All-so PROMISED by Club Intrawest was a well managed and maintained five star resort with furniture I would not be afraid to touch.

Smooth Action


----------



## smbrannan (Mar 31, 2006)

Smooth Action said:
			
		

> Being tracked and given lower priorities was not part of my agreement with Club Intrawest.



OK - then put a positive spin on it.  If you don't use your points during a holiday week one year, then you earn a priority for the next year.

This is not an us vs. them situation.  Club Intrawest is owned by us.  If enough members are frustrated by the current system, then we should be open to different/better ways of handling holiday bookings.

Do you have a different/better idea?


----------



## Smooth Action (Mar 31, 2006)

*I've never miss a Christmass Holiday so why would I have a different idea?*

Do you have a different/better idea?

++++++++++++++++++++++++++++++++++++++++++++++++++

Club Intrawest already uses a system where its broken down to about 4 different point use or season in which Christmass is one of the highest.  

Since my family love's Christmass ski-ing at Whistler I also investigated re-sale and bought from a broker out of Utah.

I will support any changes in Club Intrawest rules that the Majority of it's member vote for. 


Smooth action


----------



## smbrannan (Apr 1, 2006)

Smooth Action said:
			
		

> Did you think you could stay every year and every Holiday for less than say 150 points when you bought in-to Club Intrawest?


Actually, I've never tried to stay at any CI location during a holiday week, but I have talked to other members who have tried, and have been frustrated with the excess of demand vs. supply.

It doesn't really matter what was promised.  The reality is that the system appears to be somewhat broken, and I'm just trying to find ways to improve things.  I made two suggestions to address this issue: change the booking process during holiday periods, and build or acquire more units at Whistler.  The first suggestion is inexpensive, but would restrict some members use of the high demand weeks.  The second suggestion would be expensive, but may be more attractive to members who joined only to use the club during the high demand weeks.

As in all things, there is no free lunch.

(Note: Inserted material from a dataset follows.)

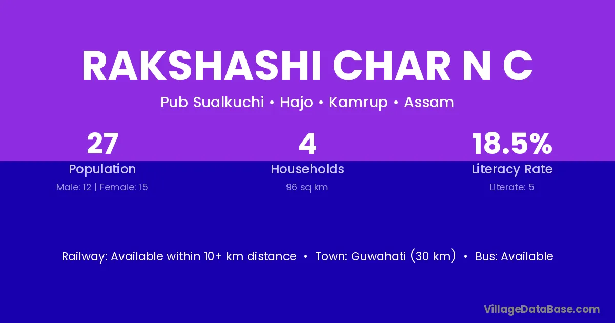 Guwahati (30 km) is the nearest town to Rakshashi Char N C village for major economic activities and is located approximately 30 km away.

Personally, I didn't give much credence to the promises made during the CI sales pitch.  I listened politely and walked out without buying.  Then I bought my points from another member at a sizeable discount.


----------



## Smooth Action (Apr 1, 2006)

*Keep us informed on your Progress*

build or acquire more units at Whistler. 

joined only to use the club during the high demand weeks.

no free lunch.
=============================================


More units would be nice



Smooth Action


----------